In managing a cyanotic infant, physicians depend on pulse oximetry readings and arterial blood gas values. Some cases of methemoglobinemia can have a normal PaO₂ and a falsely normal pulse oximetry reading and, in such cases, co-oximeter gives more accurate measurement of oxygen saturation. A co-oximeter measures light absorbance at 4 different wavelengths corresponding to the absorption characteristics of deoxyhemoglobin, oxyhemoglobin, carboxyhemoglobin, and methemoglobin [2].

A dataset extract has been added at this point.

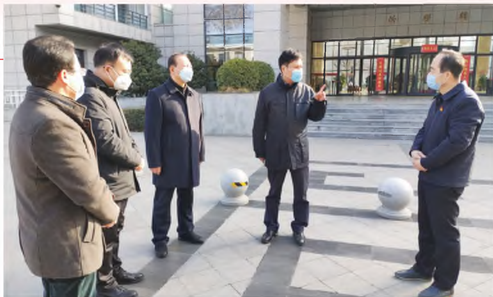
郭大为(右二)到省国防工会机关、省工人疗养院检查疫情防控工作

2月3日,省人大常委会副主任、省总工会主席郭大为到省国防工会机关、省工人疗养院检查疫情防控工作。他强调,打赢疫情防控阻击战是当前的一项重要政治任务,要切实把思想和行动统一到习近平总书记重要讲话和重要指示精神上来,增强“四个意识”、坚定“四个自信”、做到“两个维护”,全面贯彻“坚定信心、同舟共济、科学防治、精准施策”总体要求,落实好党中央、国务院的决策部署和省委、省政府及全总的防控工作要求,全力以赴坚决打赢疫情防控阻击战。

There is no specific treatment for congenital methemoglobinemia. Administration of oxidative compounds which can cause metHb elevation should be avoided in such cases. In severe methemoglobinemia, methylene blue is used which gets converted to leukomethylene blue in the presence of nicotinamide adenine dinucleotide phosphate (NADPH), resulting in non-enzymatic reduction of MetHb [1]. It is found to have good response in cases of cytochrome b5 reductase enzyme deficiency; but not in HbM. Another drug used is ascorbic acid which is an antioxidant and coenzyme for reduction. If both drugs fail to reduce the MetHb level, hyperbaric oxygen and exchange transfusions are alternative therapies [12]. In our case, we tried methylene blue and ascorbic acid which were later stopped after the genetic diagnosis. We are not sure whether this child had really benefitted from these drugs or not.

Conclusions

Cyanosis due to high metHb level is rare in the newborn period and the prognosis of the condition depends on the etiology. Those with mutation in the gamma chain of HbF have an excellent prognosis and their symptoms as well as the elevated metHb levels normalize over 4–6 months of life. HbF-M disorders differ from those affecting the alpha chains and beta chains where the metHb level either remains constant or increases over time. Hence, in cases of unexplained methemoglobinemia in newborn period, it is advisable to do genetic testing for definitive diagnosis. Families carrying such gamma chain mutations should be informed in detail about the reason for their babies being cyanosed in early infancy in order to avoid unnecessary aggressive investigations.